Draft for a proposal of an Explicit Reference Syntax

Reference to variable is actually implicit in JS and depend on the type. In order to avoid mistake and unexpected behavior I suggest this new syntax. Moreover, it is common to encapsulate a primitive into an object (eg.: array) to reference it. This syntax also aims to prevent global mutable variable declaration used implicitly in functions and give a way to explicitly call them.

Syntax

This syntax introduce 2 new sigil

• @var (read only reference)

• &var (read write reference)

Read only references are seen like deep freeze object or const primitives

For variable declaration: sigil is mandtory in reference name from declaration to the end of use

For function: sigil is mandatory in arguments declaration and for arguments call (throws a type error else)

const delared references can't be reassigned

let declared refenrences can be rassigned

Type casts

Ok

• &var can be cast to @var

• &var can be cast to var

Throws

• @var can't be cast to &var

Runtime decision

• @var can be cast to var but can throws at runtime if trying to mutate

let source

let source2

const &constRef = source

let &letRef = source

&constRef = source2 //error, can't reassign const reference

&letRef source2 //ok

&var can't reference a const declared primitive

A variable can't have multiple mutable reference to prevent memory race

const source = /* any */

const &ref1 = source

const &ref2 = source //Error, source has already a mutable referenced

Examples

Global scope parameter

Old way

let userId = 0

async function getNextUser(url) {

const raw = await fetch(`${url}?id=${userId++}`)

return await raw.json()

}

await getNexUser(url)

With references

let userId = 0

async function getNextUser(url, &userId) {

const raw = await fetch(`${url}?id=${&userId++}`)

return await raw.json()

}

await getNexUser(url, &userId)

Safe reference passing

const array = [1, 2, 3, 4]

computeOnArray(@array) //throws if array is mutate (secure use of the function)
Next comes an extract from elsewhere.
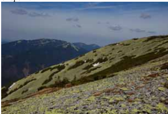
Зона зародження лавинного ПТК

Нижні ділянки зони транзиту снігових мас зайняті, здебільшого, доволі різноманітною рослинністю. У різнорозмірних, переважно невеликих (до 150–200 м 2 ), біогрупах поширені представники усіх вищеразміщених частин лавинних ПТК. Це фрагменти низькорослих хвойних і листяних дерев, криволісся, чагарників і чагарничків, субальпійських і різнотравних луків. В межах модельної ділянки "Грофа" дещо припіднята центральна частина лавинного лотка зайнята "острівками" жерепу, які чергуються із смугами греготів. Кам'яні розщипиця рясно встелені сухими гілками. У свою
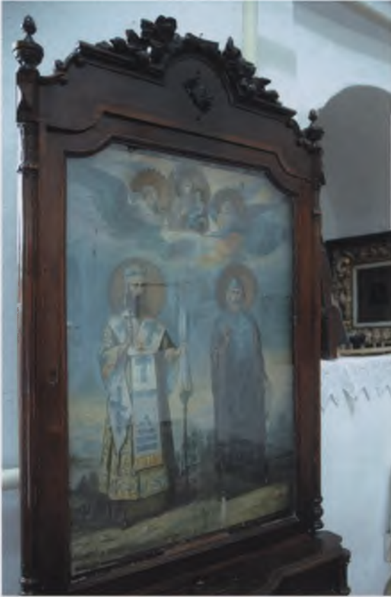
Обновившаяся икона свт. Феодосия Черниговского и преподобного Иосифа

ВСПОМИНАЕТСЯ ИКОНА, ОБНОВИВШАЯСЯ ПО ВОЛЕ БОЖИЕЙ БЕЗО ВСЯКОЙ РЕСТАВРАЦИИ, ПРЕВРАТИВШАЯСЯ ИЗ ЧЕРНОЙ ДОСКИ В КРАСИВЫЙ ОБРАЗ. И ТЕПЕРЬ СВЯТЫЕ ВЗИРАЮТ НА НАС, КАК МЫ ИЗ ТЬМЫ НЕВЕРИЯ ВОЗВРАЩАЕМСЯ НА СВЕТ БОЖИЙ, СЛОВНО ПРИМЕР ПОКАЗЫВАЮТ - СМОТРИТЕ, БОГУ ВСЁ ВОЗМОЖНО..

New short notations and syntax help

const array = @[1, 2, 3, 4] //Create an explicit deep freezed array with a simple and clear syntax

const object = @{ key: 'value' } //Same for object

const fn = @function () {} //Or function

Counter

let counter = 0

const counter2 = 0

function increment(&counter) {

&couter++

}

increment(&counter)

increment(&counter2) //Type error, counter2 refers to a const

console.assert(counter === 1)

Call tracker

Track call on function without unknown global mutable variable, specifiyng all context to avoid mistakes.

let counter = 0

function someFunction(args, &counter) {

// stuff

&couter++

}

setInterval(() => someFunction(args, &counter), 200)

Classic arguments declaration

function foo(arg0) {

//

}

let &a

let @b

foo(&a) //Same behaviour as classic declaration for object and reference behaviour for primitives

foo(@b) //throws if foo try to mutate @b, prevent unexpected behaviour

Mandatory reference

function foo(&arg0, @arg1, arg3) {}

let &ref0

let @ref1

let noRef

foo(&ref0, @ref1, noRef) //ok

foo(&ref0, &ref0, noRef) //ok, can cast &ref to @ref

foo(&ref0, @ref1, &ref1) //ok, &ref1 source will be muted

foo(noRef, @ref1, &ref1) //throws, &arg0 need to be an explicit mutable reference

foo(@ref1, &ref0, noRef) //throws, &arg0 need to be an explicit mutable reference

foo(&ref0, @ref1, @ref1) //possibly throws at runtime is arg3 is mutated

Explicit referencing

const a = [1, 2, 3]

const &b = a //explicit reference, no ambiguiti

const @c = a //c refers to a but can only access to deepFreeze(a)

&b.push(1) //no error

@c.push(1) //Type error, object is not extensible

FAQs

• &var referencing const declared object can be confusing, should it be forbidden ?

• @ and & sigil choice ?

Proposal: GitHub - JOTSR/proposal_explicit_reference_syntax

Is this allowed?

const mutateCounterFactory = (&x) => () => x++;

{
  let &x = 0;
  mutateCounter = mutateCouonterFactory(&x);
  console.log(x);
  mutateCounter();
  console.log(x);
}

I find the fact that mutateCounter() is able to update the value of &x, without me having to explicitly pass a reference directly into mutateCounter() on that line of code off-putting. This is the sort of mutation mess that can make code hard to follow, because there's almost no guarantees about who might be changing a variable and where. Once you hand it out, it could change at any time without you knowing.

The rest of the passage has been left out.